Photographer Pranoy Sarkar thinks the two are incomparable. “I don’t think AI replaces photography or film. Any medium can look good if it’s used thoughtfully, and any medium can look cheap if it isn’t. It’s less about the technology and more about the intention and craft behind it.” Vasisth agrees. “Intent and execution determine its impact. When AI is used purely as a cost-cutting shortcut, audiences feel the loss of artistry. When it’s used to extend imagination, provoke emotion, or rethink beauty, it can become a powerful tool.”

Vasisth’s opinion on the Valentino backlash is split in. “Audiences will always have strong, diverse reactions, and that’s valid. Personally, I neither fully agree nor disagree with the backlash. To me, what Valentino attempted feels like a Baroque moment in the digital age. Just as Renaissance perfection eventually gave way to Baroque experimentation—layered, exaggerated, breaking the visual form, distorted, and emotionally provocative—today’s creative landscape is shifting from polished realism to bold abstraction. When perfection becomes predictable, the absurd becomes the new way to break visual clutter. AI is part of that cycle.”

AI should be seen as a new creative medium, in Sarkar’s view. “Digital once threatened film, then phone cameras made photography accessible to everyone, and now film photography is having a revival. These things end up coexisting. Right now, the level of control and authorship a photographer has while creating an image or film is still very different from AI. And yet, there are things traditional photography or film can’t achieve, and AI can. So, instead of treating AI like competition or comparing AI films to what a ‘real’ film would have looked like, it feels more interesting to look at it as a different visual language with its own possibilities.”

Sarkar’s perspective isn’t popular amongst creatives, but it is valid. There’s no doubt AI is still in its teething phase, and the space still has ethical and aesthetic issues that desperately need to be worked out. The Studio Ghibli debacle is exactly why creators of art, photography and cinema treat AI like the enemy, but while there is definitely some essence of evil in the AI mix, it is impossible to ignore it is growing into an art form in its own right.

Take AI artists who are perfecting the form for instance. In an episode of Recho Omondi’s The Cutting Room Floor, the fashion designer and podcaster mentions the work of Sybille de Saint Louvent, Phillippe Matta, and W(AI)RK Studio as examples of artists that are using AI to create high-quality fashion visuals. A look deeper into their work highlights what the three creative directors and studios have in common—an understanding of clean aesthetics and ‘expensive’ (not opulent) imagery, and the ability to achieve it.

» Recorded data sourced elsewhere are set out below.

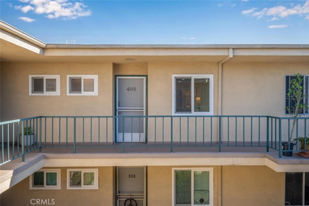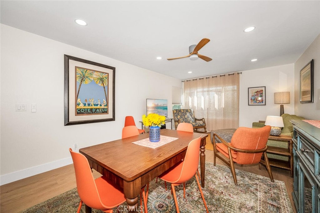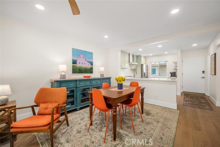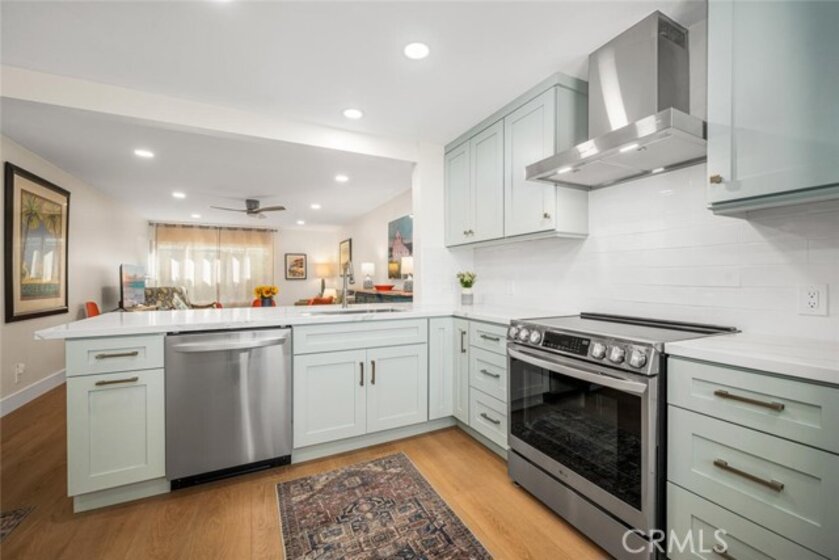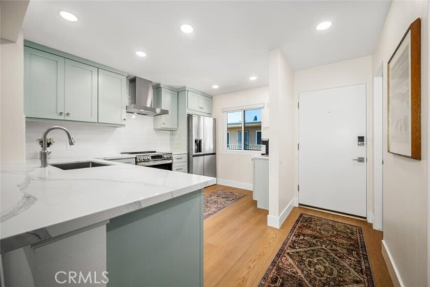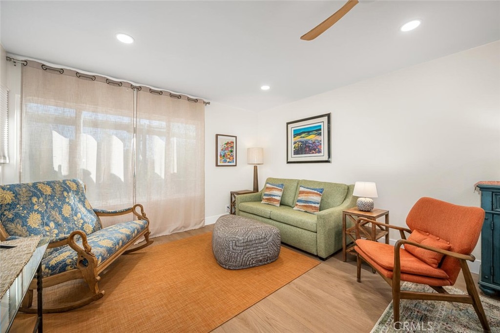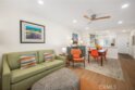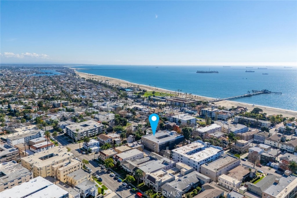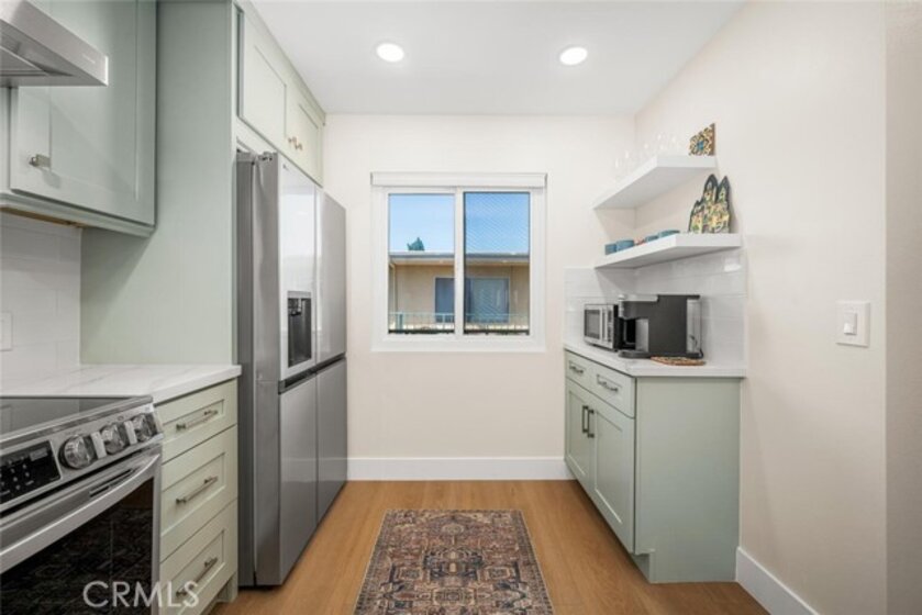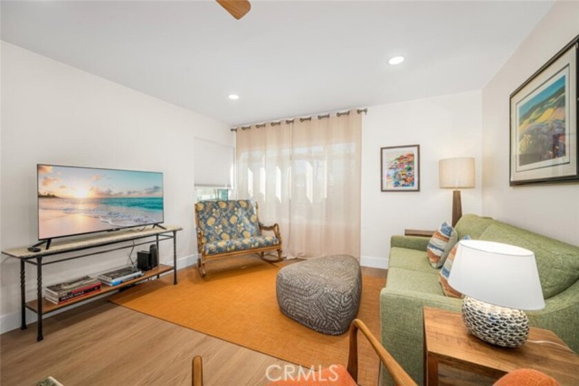 Impeccably remodeled top-floor condominium in a fantastic location just two blocks from the beach, bluff park, restaurants, and shopping. This light-filled home offers 800 square feet of thoughtfully designed living space, ideal for enjoying time by the ocean. The home features an open-concept living and dining area, a fully remodeled kitchen with a redesigned layout, new cabinetry, quartz countertops, new sink and disposal, high-end LG appliances, and a Zephyr oven hood. The spacious bedroom accommodates a king-size bed and opens to a private balcony through sliding glass doors. A bonus room off the kitchen provides flexible space for a home office or reading room. The unit also includes a convenient powder room, ideal for guests. The primary bathroom features a glass-enclosed walk-in rain shower, a large vanity, a Toto bidet seat, and high-end tile accent walls. Additional upgrades include luxury vinyl wide-plank flooring throughout, fully remodeled bathrooms, newer dual-pane windows replacing original aluminum windows, and new ceiling fans with remote controls in the living room and bedroom. The property offers one garage parking space and three large storage cabinets. The building is currently undergoing renovations outdoors to restore its original mid-century modern charm, with completion expected by the end of February.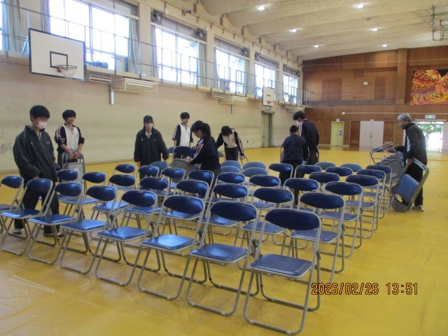 時間割の都合で3年生が準備をしました。当日きっと素晴らしい式になることでしょう。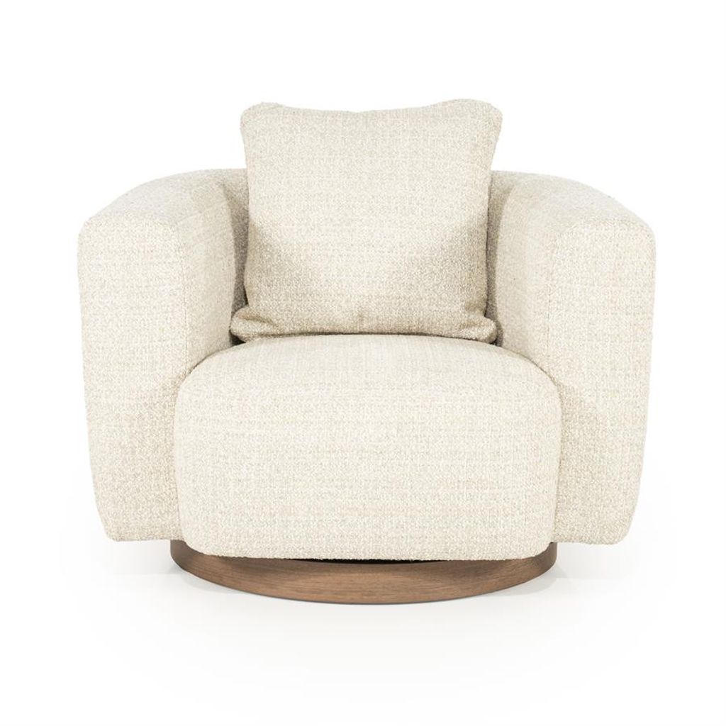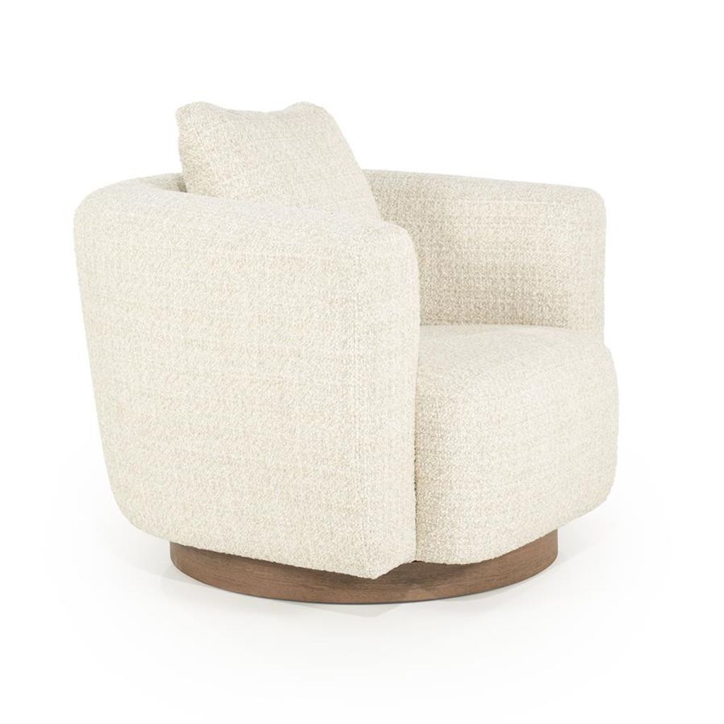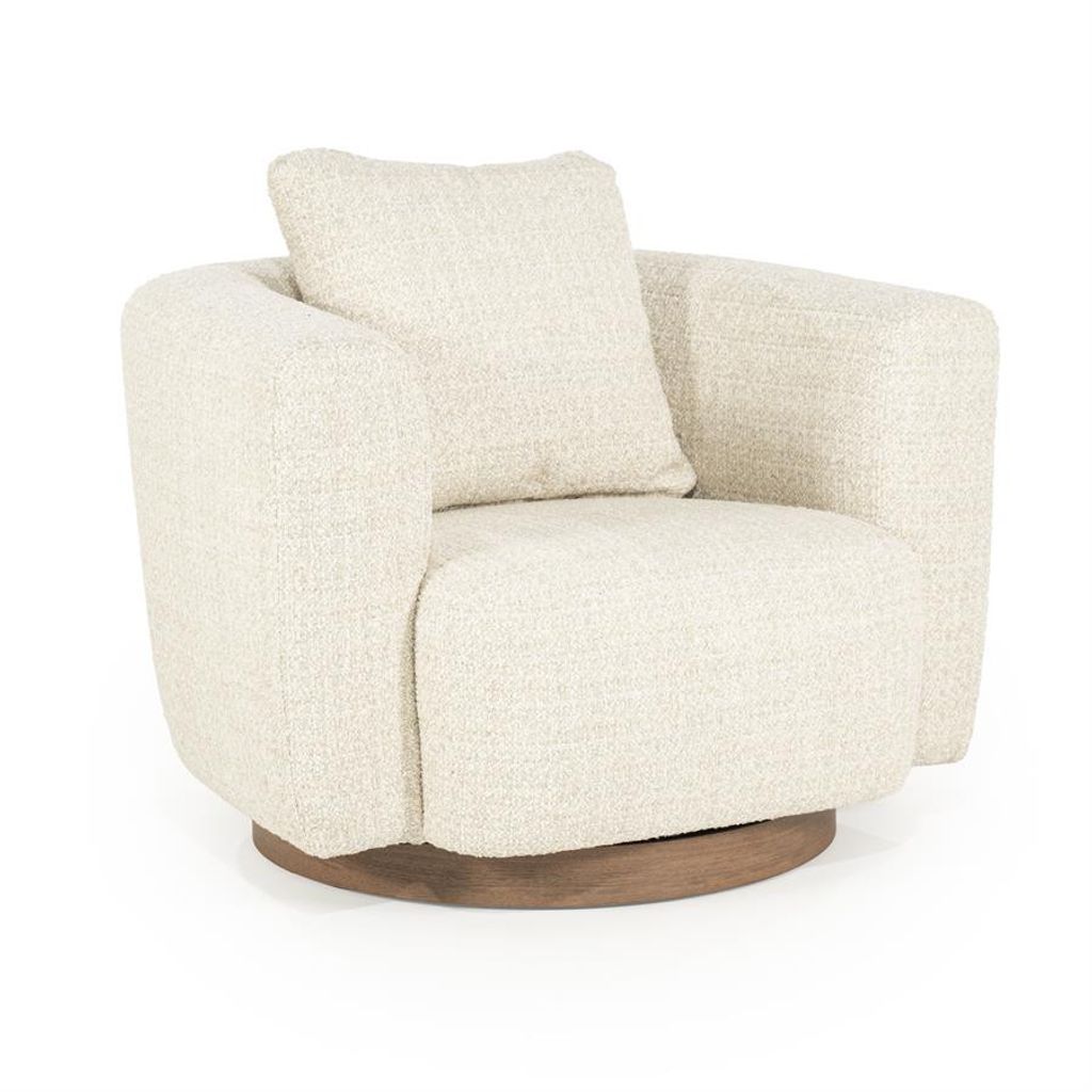Elegant beige fåtölj med mjuk textur och snurrfunktion, perfekt för stil och komfort i ditt hem.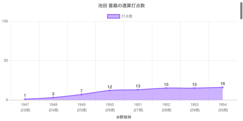 | 1947 | 大陽ロビンス | 30 | 196 | .318 | 7 | 15 | 15 | 74 |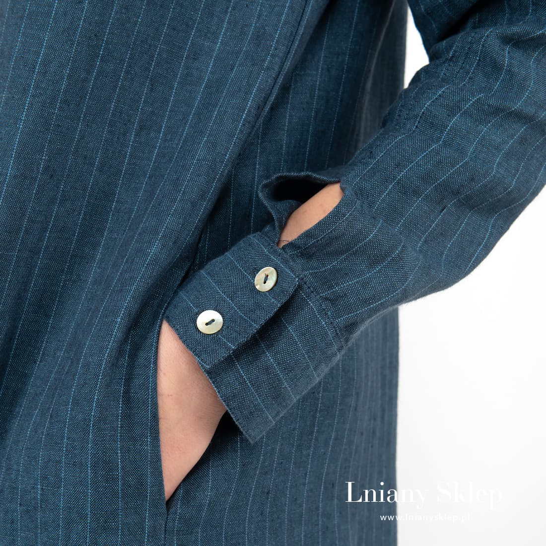- Szczegóły: zapinana na guziki z przodu, długi rękaw, kieszenie, odcinana falbana z przodu w dole, rozporki

What’s clear is that, in its current form, most AI visuals cannot successfully carry the message a luxury fashion brand wants to send. But whether that has to do with the ethics of it or this point in the technology’s journey remains to be seen. Sarkar only sees it growing to become “more refined”. “AI will evolve, and brands will evolve in how they use it. Eventually it will settle into its own space.” Vasisth can’t speak for how it will grow but hopes it will be mindful. “I don’t think we can predict what AI is incapable of; the right question is what it can evolve into,” he says. “If brands are thoughtful with it, AI can add meaning to luxury rather than remove it.”